- **Brief**: Beneath this line are the data; copy exactly the part of them that opens with the line containing "- Мини-бар из" and closes with the line containing "Communiqué du Président", and only that part.

- **Material supplied**:
#####
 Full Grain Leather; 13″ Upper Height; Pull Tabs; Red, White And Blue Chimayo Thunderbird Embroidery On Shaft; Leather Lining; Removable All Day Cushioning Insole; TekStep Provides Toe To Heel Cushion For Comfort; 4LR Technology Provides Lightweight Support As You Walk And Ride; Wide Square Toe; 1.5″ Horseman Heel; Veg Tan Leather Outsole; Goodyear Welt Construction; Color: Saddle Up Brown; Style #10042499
#####
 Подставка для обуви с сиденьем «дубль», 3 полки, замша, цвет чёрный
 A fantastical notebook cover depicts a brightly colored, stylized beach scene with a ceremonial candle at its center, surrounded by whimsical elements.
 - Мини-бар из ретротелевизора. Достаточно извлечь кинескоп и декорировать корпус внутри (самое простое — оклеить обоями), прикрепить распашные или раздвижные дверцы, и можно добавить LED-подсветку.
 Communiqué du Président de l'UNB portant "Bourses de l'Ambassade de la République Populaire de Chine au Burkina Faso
#####
- **Your response**:
 - Мини-бар из ретротелевизора. Достаточно извлечь кинескоп и декорировать корпус внутри (самое простое — оклеить обоями), прикрепить распашные или раздвижные дверцы, и можно добавить LED-подсветку.
 Communiqué du Président de l'UNB portant "Bourses de l'Ambassade de la République Populaire de Chine au Burkina Faso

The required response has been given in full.